§ WORK INSTRUCTIONS: Could you restate the whole listing below word for word, minus the pictures?

§ DATA PROVIDED:
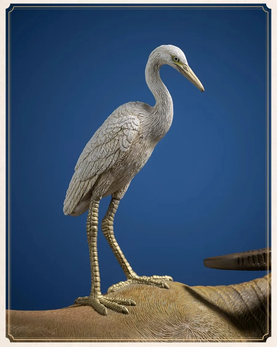 Assembly: The copper bird is individually formed and fixed through recessed pin-anchoring into the bovine back structure, reinforced internally without visible hardware.
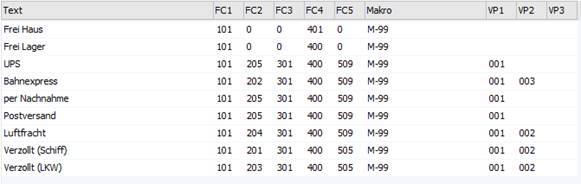 In diesen Spalten können pro Text bis zu 3 Funktionscodes zugeordnet werden. Diese Funktionscodes werden für die Intrastat verwendet.
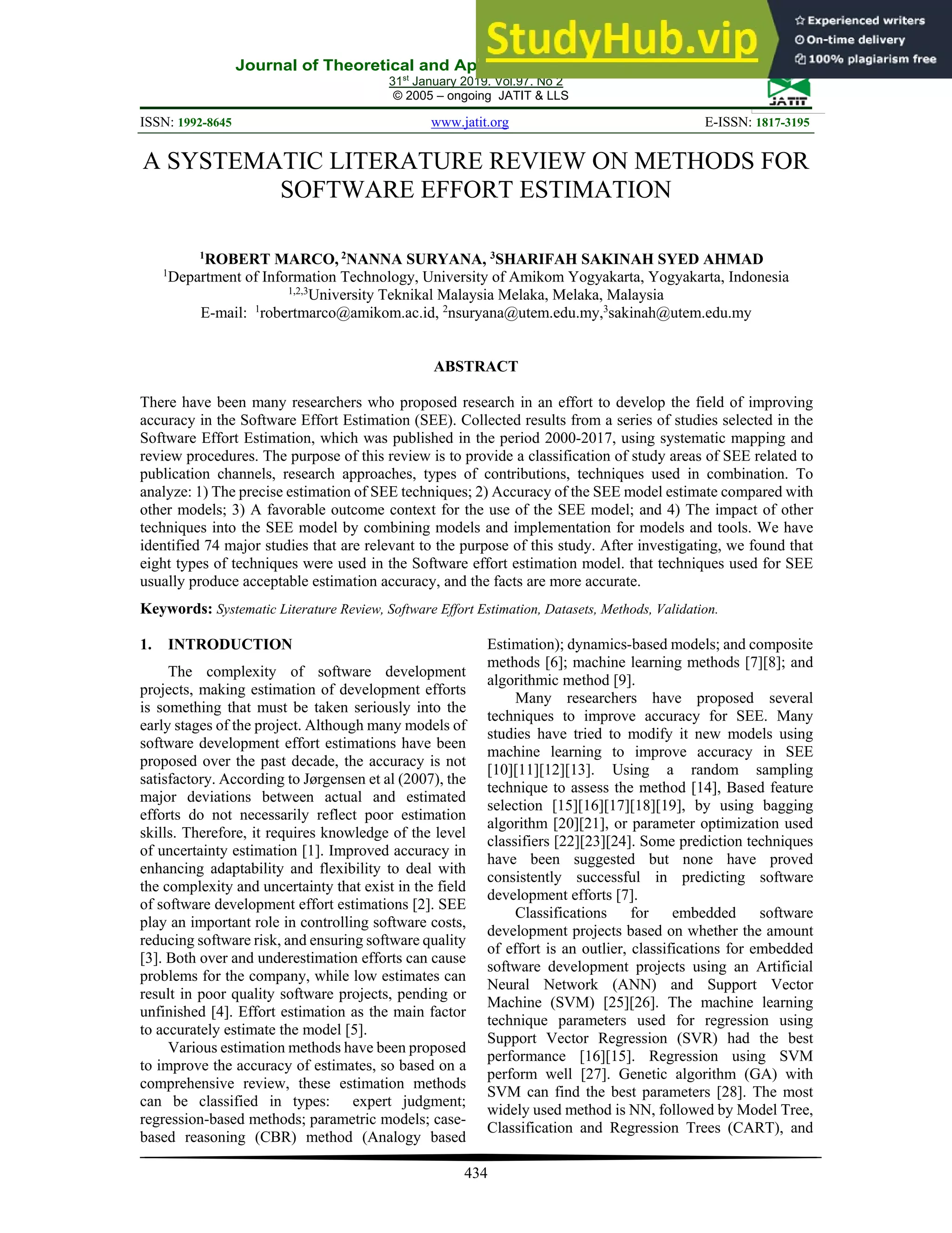 This document summarizes a systematic literature review on methods for software effort estimation. It identifies 74 relevant studies published between 2000-2017. The studies are classified based on publication channels, research approaches, contribution types, and techniques used. The review finds that eight types of techniques are commonly used for software effort estimation, including expert judgment, regression-based methods, and machine learning methods. It also analyzes factors that impact estimation accuracy, such as dataset quality, feature selection, and parameter optimization. The goal of the review is to provide an overview of the software effort estimation field and techniques used to improve accuracy.
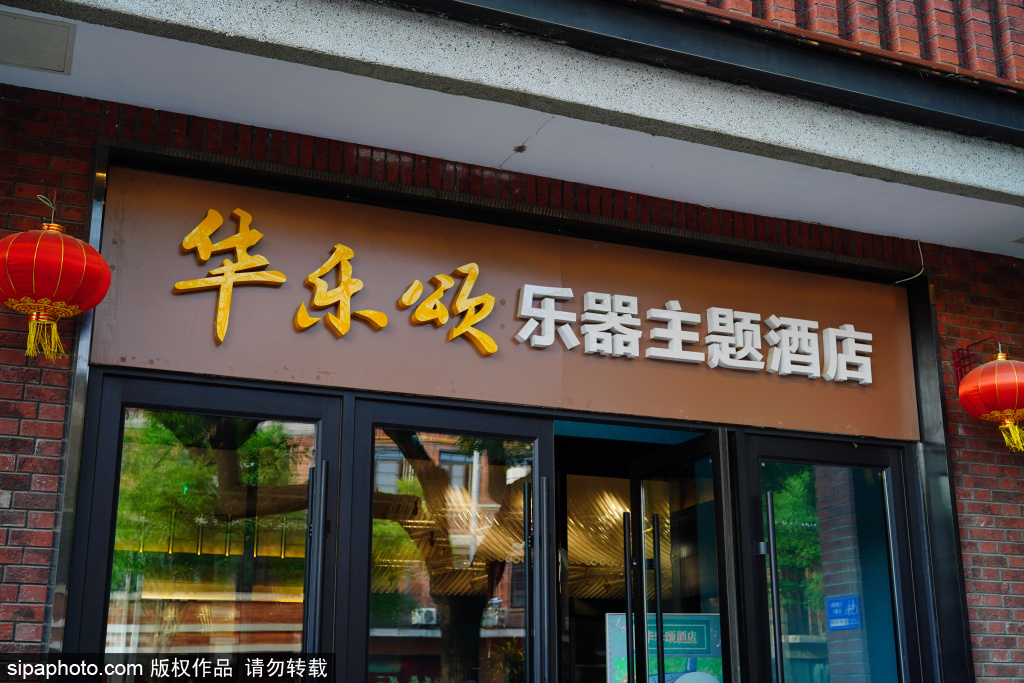 华乐颂乐器主题酒店位于西安门大街。据了解,该酒店前身为主营中西乐器、音像资料等的清华乐器和速8酒店等13家小门店,建筑外立面较为杂乱。走进一层大堂,大到钢琴,小到装饰挂件,都和音乐相关,就像星光闪耀的舞台。

§ RESULT OF THIS EXERCISE:
 Assembly: The copper bird is individually formed and fixed through recessed pin-anchoring into the bovine back structure, reinforced internally without visible hardware.
 In diesen Spalten können pro Text bis zu 3 Funktionscodes zugeordnet werden. Diese Funktionscodes werden für die Intrastat verwendet.
 This document summarizes a systematic literature review on methods for software effort estimation. It identifies 74 relevant studies published between 2000-2017. The studies are classified based on publication channels, research approaches, contribution types, and techniques used. The review finds that eight types of techniques are commonly used for software effort estimation, including expert judgment, regression-based methods, and machine learning methods. It also analyzes factors that impact estimation accuracy, such as dataset quality, feature selection, and parameter optimization. The goal of the review is to provide an overview of the software effort estimation field and techniques used to improve accuracy.
 华乐颂乐器主题酒店位于西安门大街。据了解,该酒店前身为主营中西乐器、音像资料等的清华乐器和速8酒店等13家小门店,建筑外立面较为杂乱。走进一层大堂,大到钢琴,小到装饰挂件,都和音乐相关,就像星光闪耀的舞台。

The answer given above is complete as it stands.